The number of DDoS attacks in the first half of 2023 increased by over thirty percent year-on-year, with nearly eight million attacks recorded. DDoS is largely a straightforward attack aimed at exhausting the resources of a website or online service. However, it seems organizations are still unable to adequately defend themselves against such attacks, which makes DDoS a viable attack for cybercriminals.
This continued increase and viability of DDoS attacks do not necessarily mean that organizations are doing nothing to address the problem. Certainly, there are serious efforts in building better defenses against distributed denial-of-service attacks. However, just like other cyber attacks, DDoS continues to evolve to elude existing detection and prevention solutions.
Here’s a list of examples of how DDoS solutions have improved in response to the growing sophistication of DDoS attacks. These show that lessons have been learned and organizations are not exactly helpless against this attack. They just need to update their defenses.

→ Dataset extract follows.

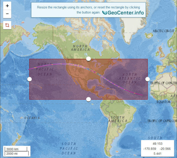 Область на карте, в которой рассматривается статистика землетрясений, красная линия – траектория полного солнечного затмения.
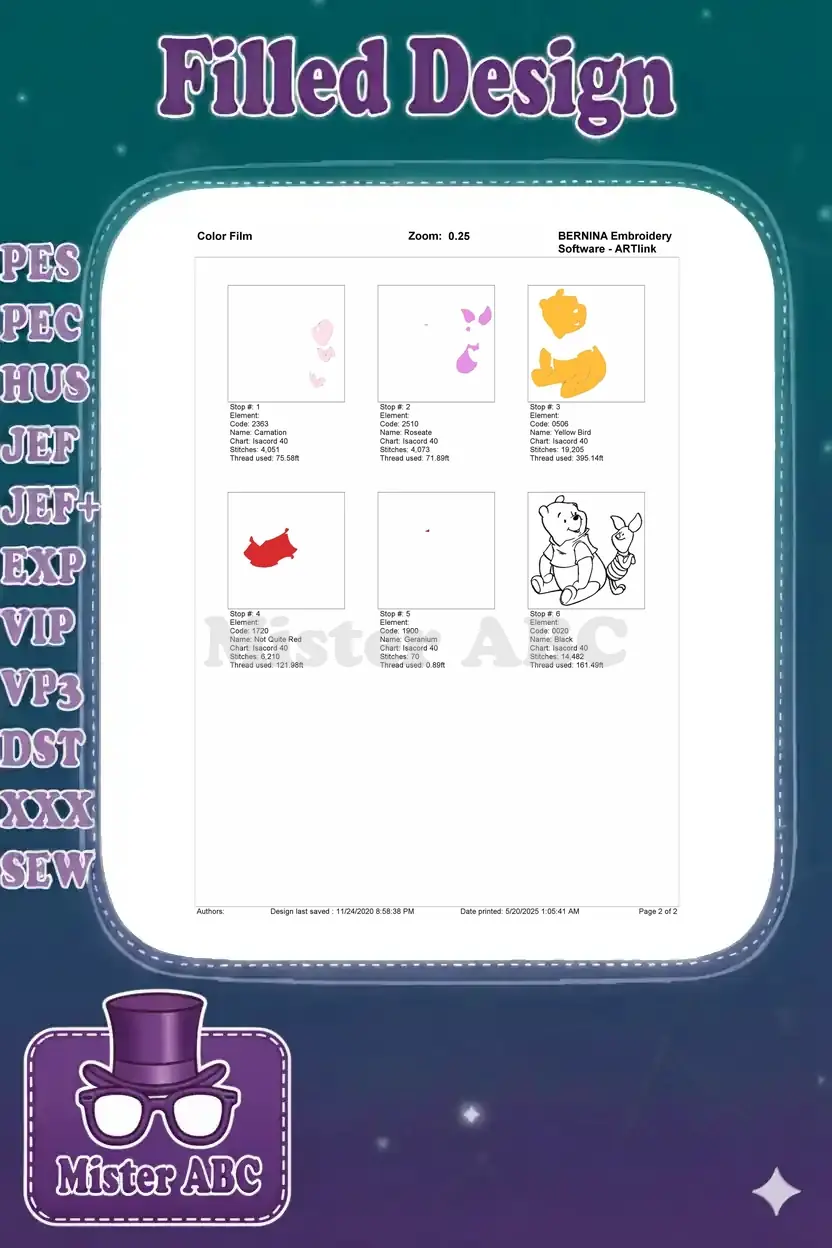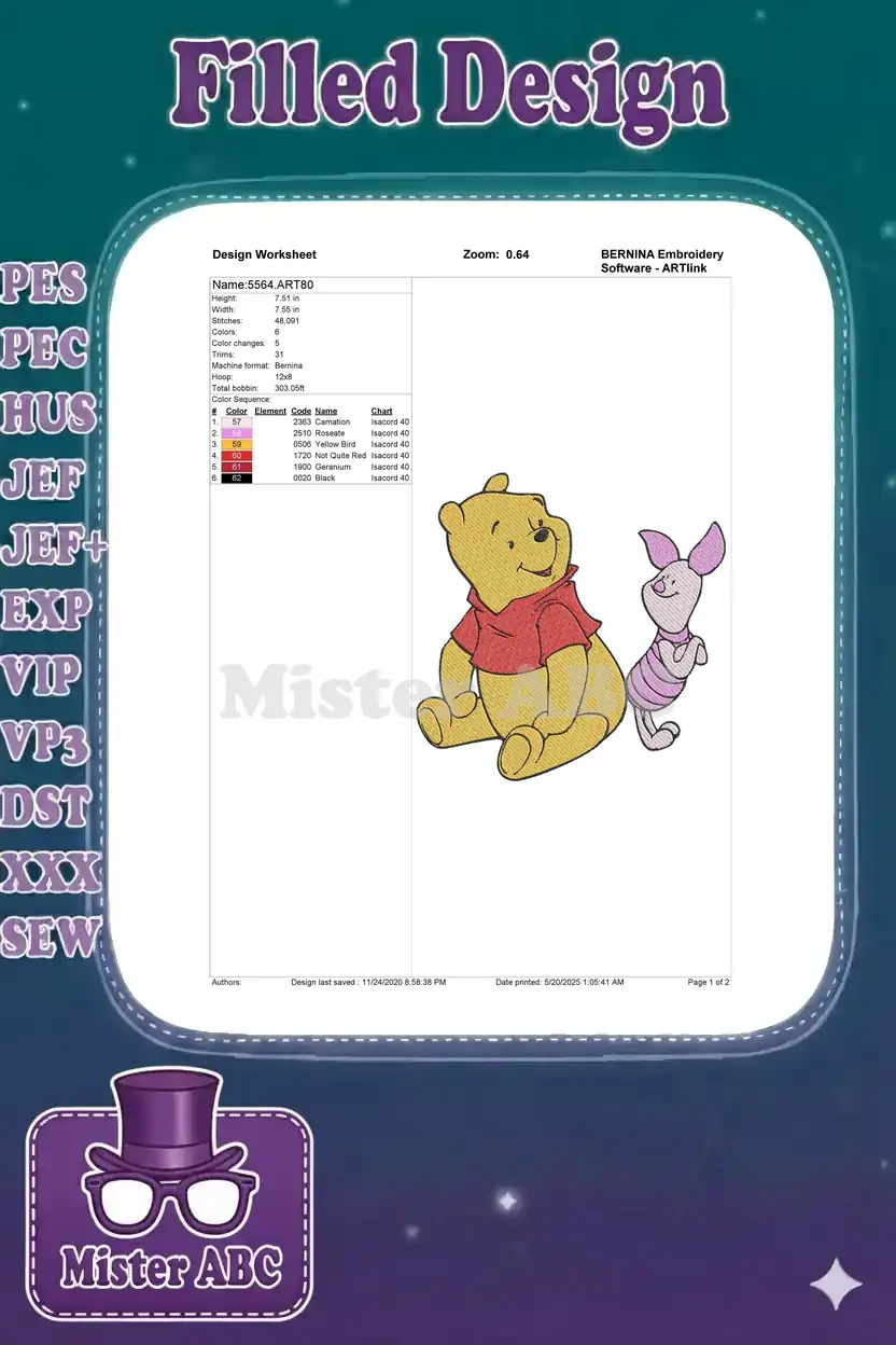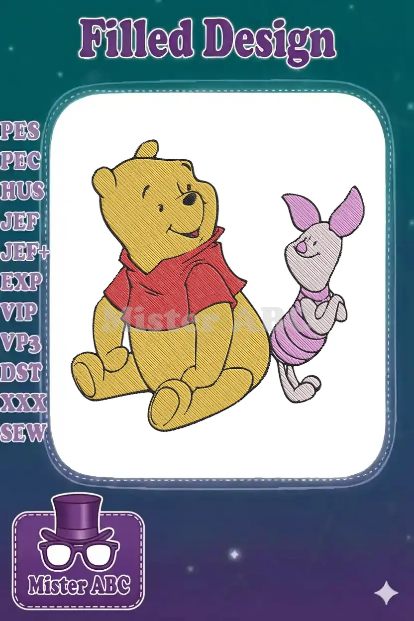 A heartwarming Winnie the Pooh and Piglet embroidery design, perfect for adding classic Disney charm to any project.

The Necessity of Scalable Solutions
In 2016, a DDoS attack pushed the limits of DDoS protection systems, as it employed a massive botnet that targeted the DNS infrastructure of Dyn, a DNS service provider. The extent of the attack was unprecedented at that time, exhausting the ability of protective systems to keep up. This incident highlighted the need for scalability in DDoS defense, something solutions back then lacked.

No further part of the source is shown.